Banks can employ a three-step approach to building privacy compliance programs that can address multiple privacy laws:

  • First, identify which of the mandatory privacy management activities that apply to the law you have based your privacy program on. Then make sure that they are embedded in your organization including the policies and procedures you have implemented to ensure compliance. Compare them to the new law you are dealing with and verify that all elements that are embedded in the new law’s legal provisions are also part of your internal policies and procedures.
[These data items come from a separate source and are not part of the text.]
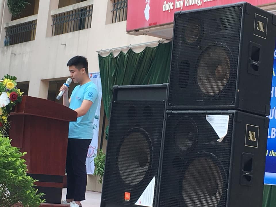 Mở đầu chương trình mít tinh hưởng ứng ngày đái tháo đường thế giới 14/11, em Phí Mạnh Quý, học sinh lớp 10A1, thành viên CLB giáo dục viên đồng đẳng dự án YHP lên phát biểu hưởng ứng.
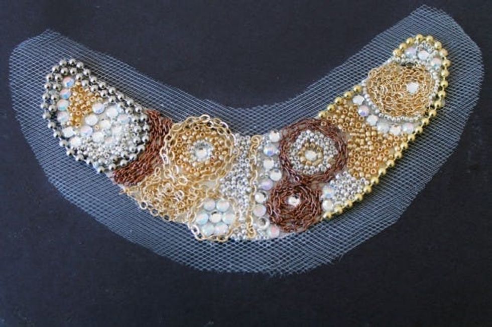 First, print out our necklace template and trace it onto your muslin. Cut out this shape, and cut out a piece of tulle around the same shape, but an inch larger on every side. Place the tulle over the muslin.
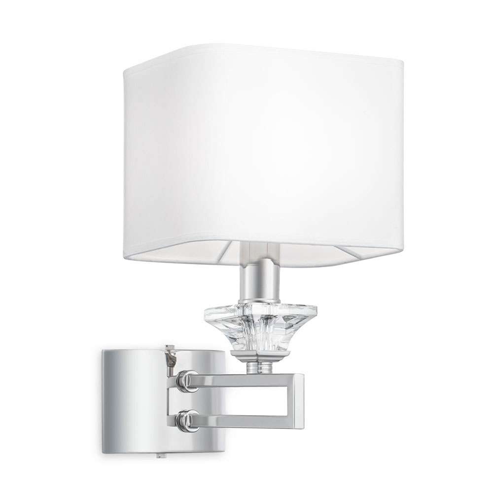 Аплик, изработен от метал в цвят хром с детайл от стъкло и бяла правоъгълна шапка от текстил върху PVC рамка Maytoni, серия Ontario.
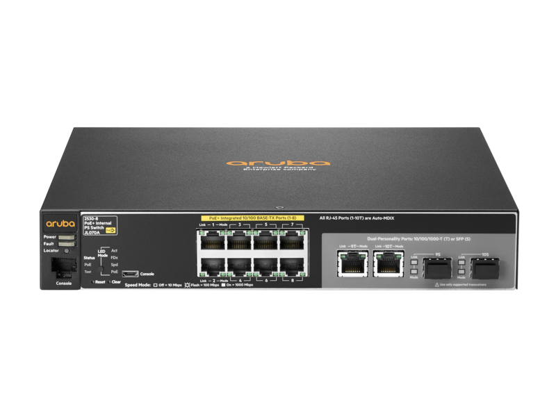 Подробное описание продукта Коммутатор Aruba 2530 с 8 разъемами с поддержкой PoE+, 2 разъемами двойного назначения и внутренним блоком питания
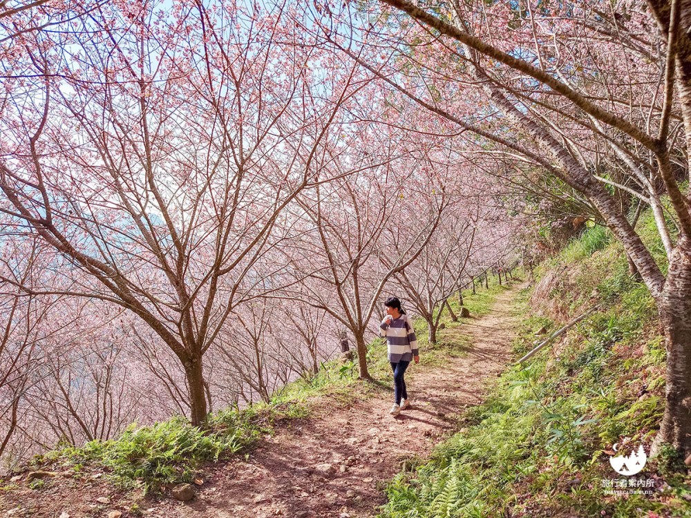 再往上爬就是較晚開的香水櫻和富士櫻的區域了,但八重櫻跟這兩種櫻花沒有辦法在同個時間綻放的(八重櫻較早、富士櫻/香水櫻較晚接在八重櫻後面),若你是在八重櫻尾聲才來,不妨往上爬走到最頂端賞賞沐心泉的香水櫻秘境。

  • Second, review the privacy management activities that are considered mandatory for the new law you are working on, but are not part of your existing data protection compliance program. It may be that you have implemented these activities in your organization, for example as part of your security program. If so, you can repeat the check described above. If you have not implemented those activities, then you will likely have to implement new policies and procedures to address the gaps.
  • Third, as the regulatory environment has become more complex and the business impact of non-compliance has become more significant, our survey showed that over 70 percent of privacy professionals feel privacy has evolved into an integral part of the overall strategy and planning for their businesses. Financial institutions may be required to re-prioritize the team’s infrastructure and grow the headcount for the teams handling the compliance program.
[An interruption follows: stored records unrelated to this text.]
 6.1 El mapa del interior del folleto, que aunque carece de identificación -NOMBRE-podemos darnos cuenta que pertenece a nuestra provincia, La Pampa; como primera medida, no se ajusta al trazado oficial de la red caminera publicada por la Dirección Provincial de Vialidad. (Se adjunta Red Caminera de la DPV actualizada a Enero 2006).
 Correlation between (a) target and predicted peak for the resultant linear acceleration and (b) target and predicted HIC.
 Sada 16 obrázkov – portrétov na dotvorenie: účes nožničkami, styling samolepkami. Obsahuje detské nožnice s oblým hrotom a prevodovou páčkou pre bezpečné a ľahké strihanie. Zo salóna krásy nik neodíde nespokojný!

GDPR has set the stage for new or enhanced privacy legislation from jurisdictions around the world. The introduction of a new law, or changing requirements of an existing law, will always require some effort to ensure ongoing compliance. While it may seem increasingly challenging to navigate the sea of privacy regulations, taking an accountability approach to compliance enables organizations to use existing mechanisms to meet revised compliance goals.

Paul Breitbarth is director of EU operations and strategy at Nymity, a privacy compliance software provider.